Diese zunehmende Komplexität kann es für Anwender erschweren, sich in diesen Bäumen zurechtzufinden, sie zu interpretieren und für Risikobewertungen effektiv nutzbar zu machen.

Entsprechend kommt TARA-Tools im Automobilkontext diesbezüglich eine besondere Bedeutung zu. Usability, Möglichkeiten der Navigation durch die Angriffsbäume und Informationsdarstellungen sind entscheidend.

Anderenfalls wird es für Anwender schwierig, einen klaren Überblick über den gesamten Baum zu behalten, kritische Knoten zu identifizieren oder die Beziehungen zwischen verschiedenen Angriffspfaden und Systemschwachstellen zu verstehen.

Sauber aufgesetzte Informationsarchitekturen sind unverzichtbar, etwa durch intuitivere Möglichkeiten zur Erkundung großer Angriffsbäume, wie z. B. hierarchische Ansichten, die es dem Anwender ermöglichen, Zweige zu komprimieren und zu erweitern, oder dynamische Filteroptionen, die die Konzentration auf bestimmte Bereiche von Interesse erleichtern.

Auch die Integration automatisierter Analysefunktionen, die die kritischsten Pfade oder Knoten innerhalb des Baums hervorheben, könnte Anwendern helfen, wichtige Bedrohungen und Schwachstellen schnell zu identifizieren.

Sum Up und Perspektiven

Diese in der Praxis beobachteten Schwachstellen in der Handhabe der TARA in verschiedenen OEM und Tier-N-Organisationen und Entwicklungsprojekten zeigen, dass hier noch Handlungsbedarf besteht.

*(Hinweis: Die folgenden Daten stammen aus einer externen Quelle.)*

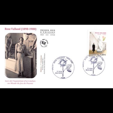 FDC JF - Rose Valland, résistante - 28/9/2018 Paris - First Day Cover - Enveloppe premier jour de France. Edition Jean Farcigny Dimensions de l'enveloppe : 150 x 90 mm
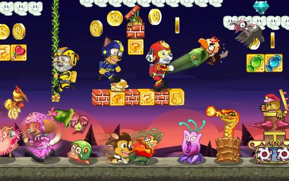 The platformer Paw Superhero game will run and jump up to avoid many obstacles, shoot and fight against fly fire ninjas.

Weltweit sind führende OEMs und deren Zulieferer auf der Suche nach TARA-Lösungen, die ihren Anforderungen gerecht werden. Gerade diese Auseinandersetzung mit den eigenen Anforderungen ist ein erster wichtiger Schritt.

Gleichzeitig sind hier die Anbieter von Lösungen und Tools hier in der Pflicht hier die Anforderungen der Wertschöpfungskette ernst zu nehmen und entsprechende Abhilfe zu schaffen.

Der Markt dürfte sich hier noch entsprechend weiterentwickeln, ebenso wie die Anforderungen der Cybersicherheit in der Fahrzeugentwicklung.